**YOUR TASK:** Retype, word for word, each line between the lines holding "ตาราง 2.1 พื้นที่อ่อนไหวต่อการเกิดดินถล่มในประเทศไทย" and "VANDENBERG AIR FORCE BASE, CALIFORNIA.", inclusive, and leave the rest of the data alone.

**EXERCISE INPUTS:**

↓

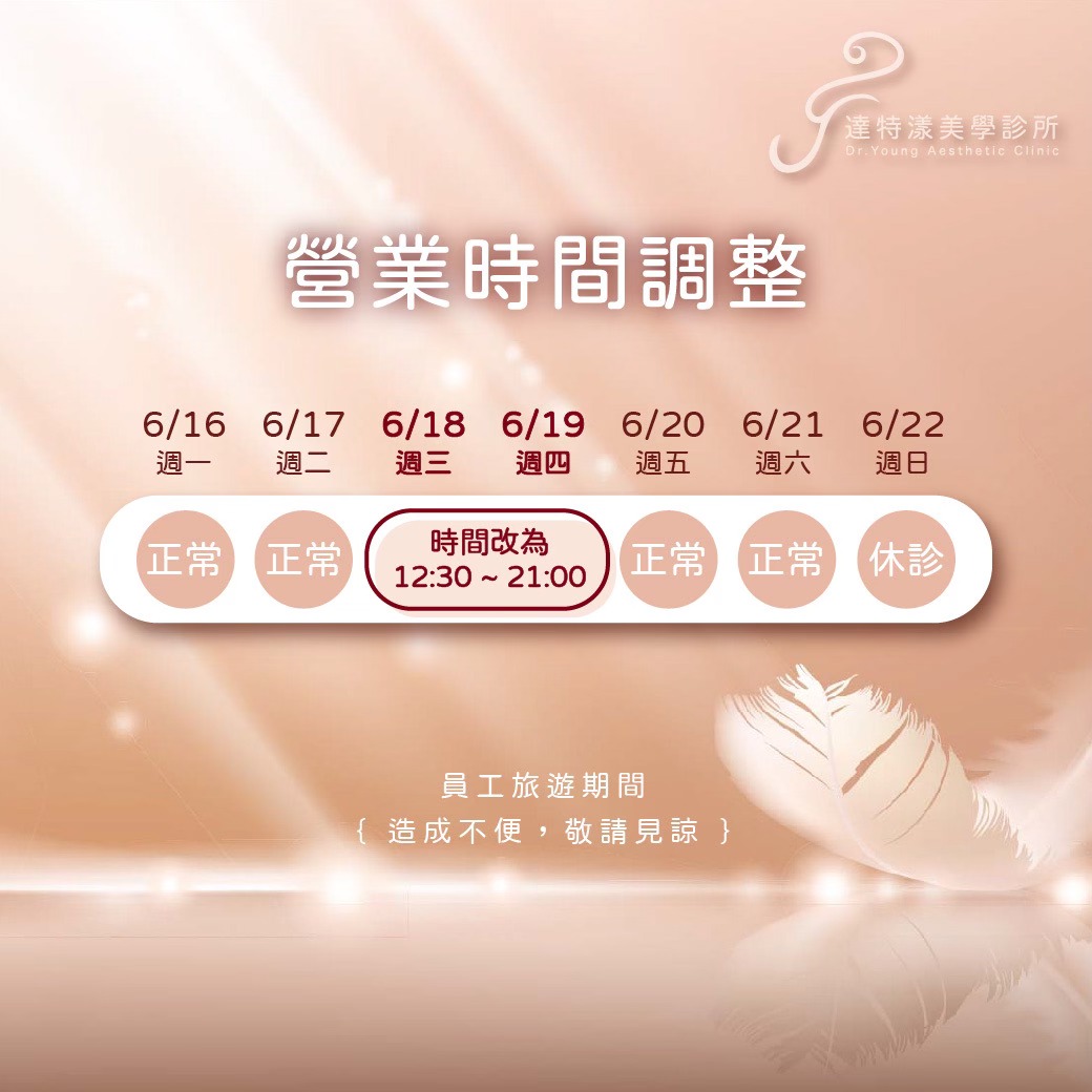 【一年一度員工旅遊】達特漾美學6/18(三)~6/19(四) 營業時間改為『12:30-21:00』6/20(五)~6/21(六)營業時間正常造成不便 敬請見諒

↑
↓

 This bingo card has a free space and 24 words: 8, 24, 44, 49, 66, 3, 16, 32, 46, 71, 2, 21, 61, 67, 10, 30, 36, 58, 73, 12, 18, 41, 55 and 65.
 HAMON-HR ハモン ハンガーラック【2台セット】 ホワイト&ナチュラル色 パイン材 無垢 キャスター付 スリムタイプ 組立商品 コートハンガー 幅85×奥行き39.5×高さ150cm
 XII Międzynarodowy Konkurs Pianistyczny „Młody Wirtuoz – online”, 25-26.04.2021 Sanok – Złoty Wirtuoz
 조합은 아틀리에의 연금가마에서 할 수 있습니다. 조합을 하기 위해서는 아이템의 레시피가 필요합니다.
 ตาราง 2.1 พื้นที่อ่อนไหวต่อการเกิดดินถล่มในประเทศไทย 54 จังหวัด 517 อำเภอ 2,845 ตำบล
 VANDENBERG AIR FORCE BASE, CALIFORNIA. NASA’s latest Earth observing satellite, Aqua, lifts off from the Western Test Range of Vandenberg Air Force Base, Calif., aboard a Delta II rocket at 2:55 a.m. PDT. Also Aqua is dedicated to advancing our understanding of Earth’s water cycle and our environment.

↑
↓

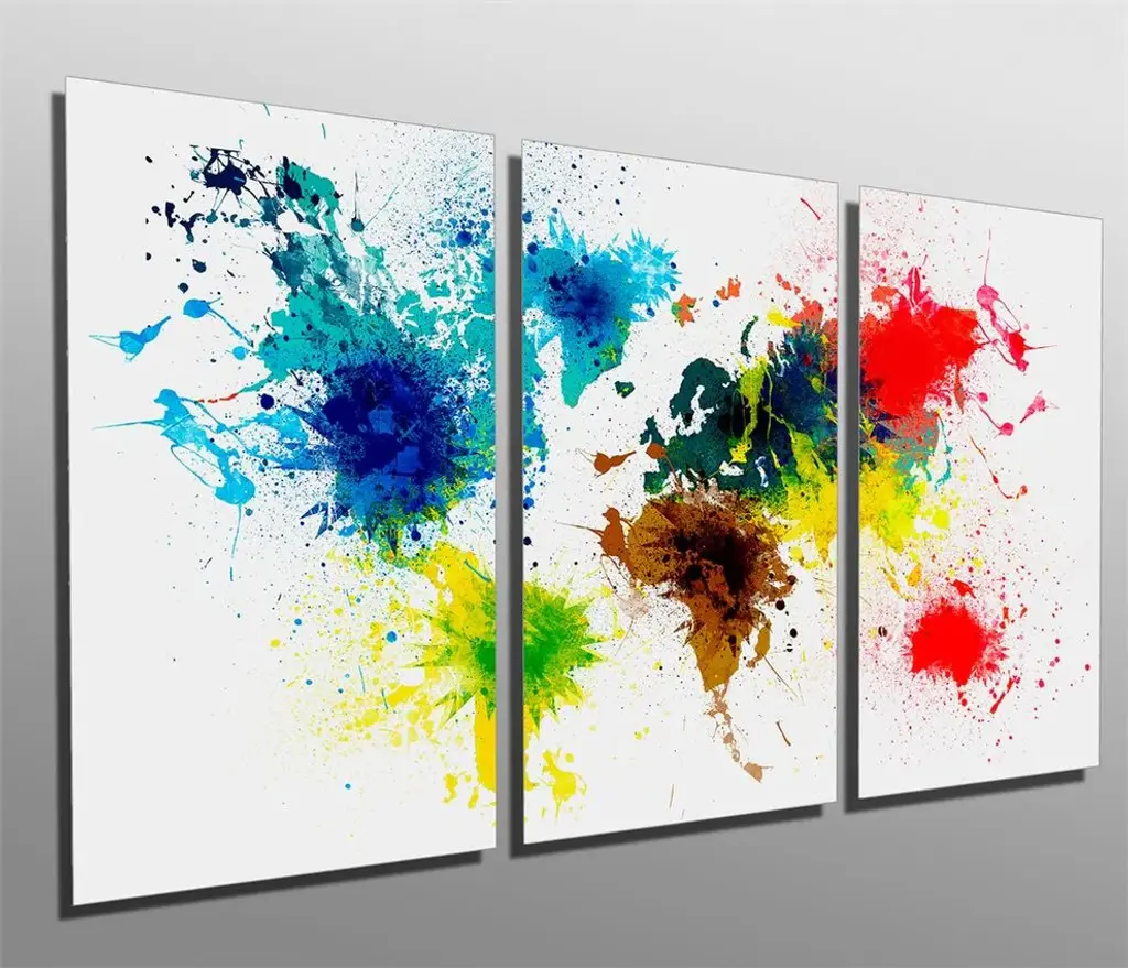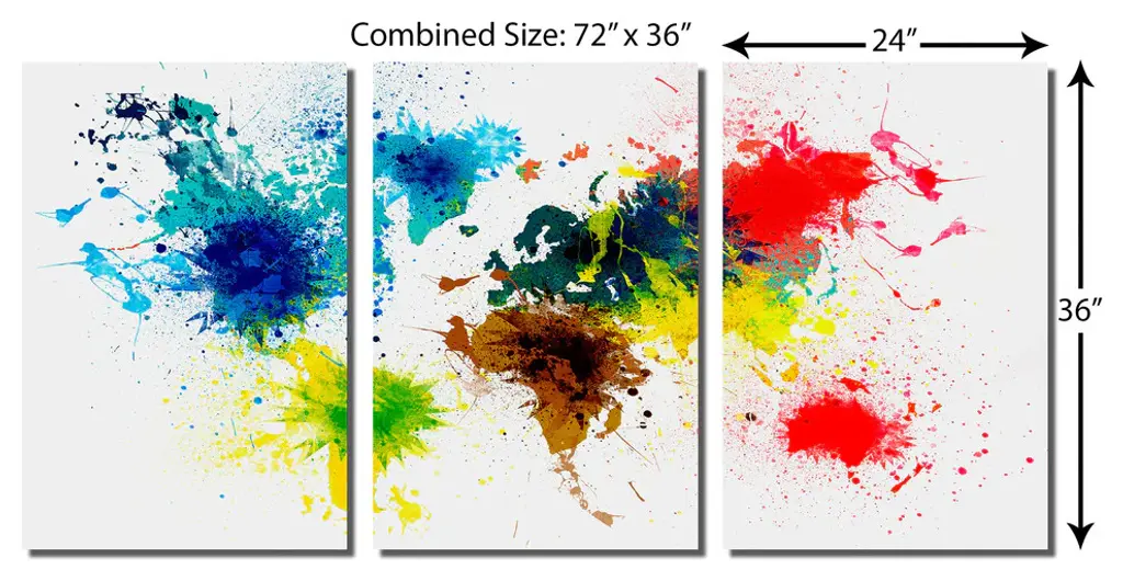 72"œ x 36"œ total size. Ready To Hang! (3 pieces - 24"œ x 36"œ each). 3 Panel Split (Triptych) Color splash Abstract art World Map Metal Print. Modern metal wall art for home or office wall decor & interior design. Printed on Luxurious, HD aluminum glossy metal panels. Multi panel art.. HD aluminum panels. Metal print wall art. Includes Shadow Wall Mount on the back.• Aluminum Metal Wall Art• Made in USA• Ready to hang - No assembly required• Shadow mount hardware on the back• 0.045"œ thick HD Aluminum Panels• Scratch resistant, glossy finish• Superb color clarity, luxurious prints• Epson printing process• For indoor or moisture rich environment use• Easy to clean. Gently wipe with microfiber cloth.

↑

**EXPECTED ANSWER:**
 ตาราง 2.1 พื้นที่อ่อนไหวต่อการเกิดดินถล่มในประเทศไทย 54 จังหวัด 517 อำเภอ 2,845 ตำบล
 VANDENBERG AIR FORCE BASE, CALIFORNIA. NASA’s latest Earth observing satellite, Aqua, lifts off from the Western Test Range of Vandenberg Air Force Base, Calif., aboard a Delta II rocket at 2:55 a.m. PDT. Also Aqua is dedicated to advancing our understanding of Earth’s water cycle and our environment.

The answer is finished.